Materials Matter – A Guide to Teacher Resource Selection

There are many factors to consider when selecting instructional materials to help students learn the  curriculum. 

Start by selecting a resource that aligns with the Program of Studies.  The learning outcomes should determine what is taught, not the resource.  You will be hard-pressed to find a resource that has all the outcomes aligned perfectly.  This is why teachers will most likely have to pull ideas from multiple resources.  Even when the outcome is aligned, the depth of knowledge or rigor in the materials often is not there.  It’s important to look at the types of questions being asked and that they are more open-ended and involve critical thinking and problem solving.

Finding materials and learning activities that are engaging to students is also an essential element to consider.  If the learning is repetitive and boring for the teacher, the odds are it will also be boring to the students.  We want students to see learning as relevant to their lives.  If we can find tasks that hook the students and encourage them to dig deeper, learning will come more easily.  Engaging tasks are often interactive or collaborative.  Some examples include games, hands-on and real-world tasks connected to students’ interests.

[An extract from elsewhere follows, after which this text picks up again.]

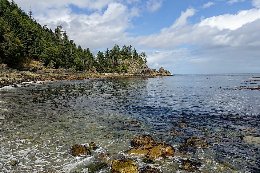 カナダ、ブリティッシュコロンビア州ハイダ・グワイのグワイ・ハーナス国立公園保護区にある、森ときれいな海水に囲まれた美しいビーチの美しい景色。

Teacher resources should include research-based strategies that improve student learning.  The use of these high-impact teaching routines increases the probability of strong student outcomes.  We all know how precious time is to teachers.  They want to ensure that their instructional time is well utilized and is going to make a difference to student learning.

Because classrooms have a mix of students with varying levels of skill, language, cognitive abilities, and learning styles, it is important to think about resources that allow for all student needs.  When teachers find instructional materials that support different learners/learning styles and promote independent and group work, student engagement often increases as well.